Government-mandated disclosure bills could have a negative impact on competition if pharmacy benefit managers are forced to publicly disclose too much information on their negotiations with drug companies, according to Emory School of Law professor Joanna Shepherd.
Two bills have been introduced in Congress, one by Sen. Ron Wyden (D-OR), the other by Rep. Doug Collins (R-GA) to mandate greater transparency by pharmacy benefit managers (PBMs).
"I think they are problematic because they could give rise to anti-competitive concerns," Shepherd told American Pharmacy News, noting government-mandated disclosure is different from voluntary disclosure between PBMs and their clients.
In 2013, Shepherd published a paper in the Cornell Law Review entitled, Is More Information Always Better? Mandatory Disclosure Regulations in the Prescription Drug Market.
"Not only are (mandatory disclosure) regulations unnecessary to achieve competitive outcomes, they also impose significant costs on PBMs," wrote Shepherd in that paper. "More importantly, the regulations foster tacit collusion and reduce PBMs’ ability to negotiate discounts with pharmacies and rebates with drug manufacturers. By disrupting competition in the prescription drug market, mandatory disclosure regulations will ultimately increase the prices that consumers pay for prescription drugs."
She said the bills currently pending in Congress are likely a result of the furor over rising drug prices that has gripped the Beltway over the past several months.
"Obviously, everyone is jumping on the 'lower drug prices' issue, and drug companies and PBMs have started pointing the blame finger at each other," Shepherd said. "So people are starting to pick sides."
Mark Merritt, the president of the Pharmaceutical Care Management Association (PCMA) that represents PBMs, agrees consumers want transparency, but in a different form.
“What consumers want is transparency of premiums, copays and other costs that help them make better choices,” Merritt said in a media statement. “Unfortunately, this bill would grant drug companies inside information that would empower them to raise prices for consumers.”

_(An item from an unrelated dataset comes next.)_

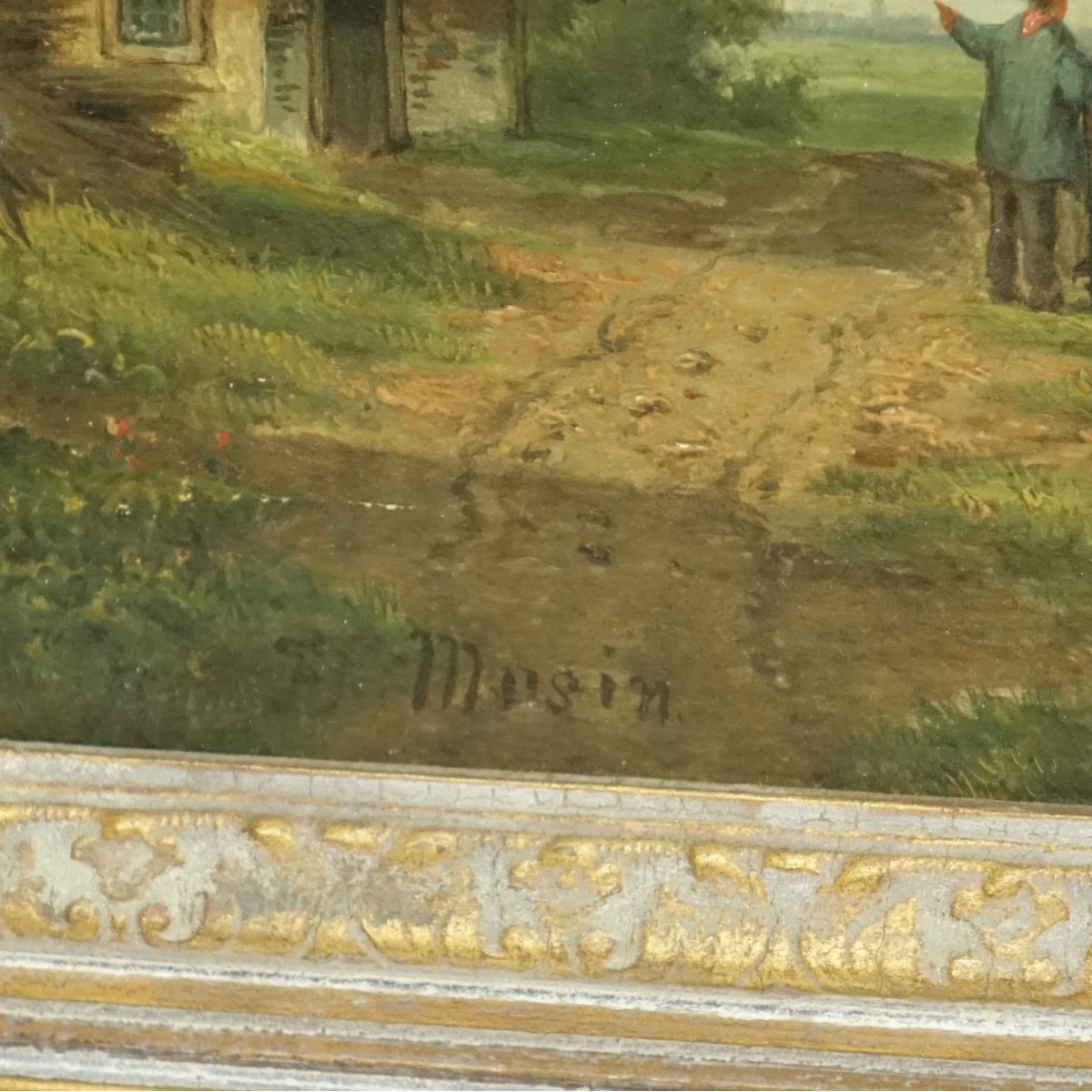 Francois Etienne Musin, Belgian (1820-1888) oil on board "Village Port". Signed lower left. Measures 10-1/4" x 16", frame measures 15-1/4" x 20-3/4" Condition: In need of cleaning, light surface scratch or in good condition. Estimate: $2000.00 - $3000.00 Domestic Shipping: $145.00

Merritt also pointed to a recent Moran Company study that showed the Wyden bill, S. 637 (the "Creating Transparency to Have Drug Rebates Unlocked" Act), would increase federal spending by $20 billion over 10 years.

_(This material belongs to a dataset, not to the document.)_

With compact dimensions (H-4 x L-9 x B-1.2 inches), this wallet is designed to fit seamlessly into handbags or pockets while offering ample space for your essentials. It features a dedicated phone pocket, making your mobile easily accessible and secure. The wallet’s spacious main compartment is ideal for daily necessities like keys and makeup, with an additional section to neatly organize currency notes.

"The so-called 'transparency' policies" in the legislation "would result in more access to pricing information for competing drug manufacturers, which the Congressional Budget Office has often suggested would lead to higher prices, particularly in Medicare Part D," according to a PCMA statement.
The two bills were introduced this year, largely centering on what bill sponsors say is a need for more transparency of PBMs, including how much of any rebate or price negotiated with drug companies is passed on to the insurance companies and employers.
Wyden's bill would also reform Medicare Part D so seniors would pay a percentage of the negotiated drug price, not the manufacturer’s more expensive listed price.
In an interview this year with American Pharmacy News, Tom Scully, former administrator of the Centers for Medicare and Medicaid Services, warned against tinkering with Medicare Part D. Scully has been a vocal proponent that PBMs are successfully helping to contain costs in the popular prescription drug benefit program.